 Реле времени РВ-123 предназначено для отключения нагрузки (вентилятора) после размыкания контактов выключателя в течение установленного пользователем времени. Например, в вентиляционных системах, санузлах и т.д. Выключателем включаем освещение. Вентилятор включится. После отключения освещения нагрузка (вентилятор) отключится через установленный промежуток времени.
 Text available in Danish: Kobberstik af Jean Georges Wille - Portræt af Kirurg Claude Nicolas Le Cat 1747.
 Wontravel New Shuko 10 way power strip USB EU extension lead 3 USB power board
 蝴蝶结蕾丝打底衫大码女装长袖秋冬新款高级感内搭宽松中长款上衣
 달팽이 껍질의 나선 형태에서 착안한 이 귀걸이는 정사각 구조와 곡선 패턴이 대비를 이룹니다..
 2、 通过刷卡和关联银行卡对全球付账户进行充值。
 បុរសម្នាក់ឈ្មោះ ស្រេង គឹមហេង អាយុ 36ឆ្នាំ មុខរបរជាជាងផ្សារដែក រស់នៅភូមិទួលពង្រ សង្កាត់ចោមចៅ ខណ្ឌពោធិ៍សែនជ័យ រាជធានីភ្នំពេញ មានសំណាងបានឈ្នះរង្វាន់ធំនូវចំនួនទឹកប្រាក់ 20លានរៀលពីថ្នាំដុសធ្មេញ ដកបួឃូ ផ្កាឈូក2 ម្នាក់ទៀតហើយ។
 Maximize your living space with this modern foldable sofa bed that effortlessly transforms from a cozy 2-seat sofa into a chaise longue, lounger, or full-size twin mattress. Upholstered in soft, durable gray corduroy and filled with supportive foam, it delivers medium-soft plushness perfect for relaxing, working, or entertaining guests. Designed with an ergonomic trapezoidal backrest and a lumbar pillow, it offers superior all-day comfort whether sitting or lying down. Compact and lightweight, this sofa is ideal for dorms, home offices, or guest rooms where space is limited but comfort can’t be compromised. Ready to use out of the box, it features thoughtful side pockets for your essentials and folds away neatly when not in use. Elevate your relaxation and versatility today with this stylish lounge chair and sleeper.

# [Exercise]
Would you quote everything above from the line containing "Text available in" down to the line containing "បុរសម្នាក់ឈ្មោះ ស្រេង គឹមហេង"? Include both of those lines and nothing else.

# [The completed task]
 Text available in Danish: Kobberstik af Jean Georges Wille - Portræt af Kirurg Claude Nicolas Le Cat 1747.
 Wontravel New Shuko 10 way power strip USB EU extension lead 3 USB power board
 蝴蝶结蕾丝打底衫大码女装长袖秋冬新款高级感内搭宽松中长款上衣
 달팽이 껍질의 나선 형태에서 착안한 이 귀걸이는 정사각 구조와 곡선 패턴이 대비를 이룹니다..
 2、 通过刷卡和关联银行卡对全球付账户进行充值。
 បុរសម្នាក់ឈ្មោះ ស្រេង គឹមហេង អាយុ 36ឆ្នាំ មុខរបរជាជាងផ្សារដែក រស់នៅភូមិទួលពង្រ សង្កាត់ចោមចៅ ខណ្ឌពោធិ៍សែនជ័យ រាជធានីភ្នំពេញ មានសំណាងបានឈ្នះរង្វាន់ធំនូវចំនួនទឹកប្រាក់ 20លានរៀលពីថ្នាំដុសធ្មេញ ដកបួឃូ ផ្កាឈូក2 ម្នាក់ទៀតហើយ។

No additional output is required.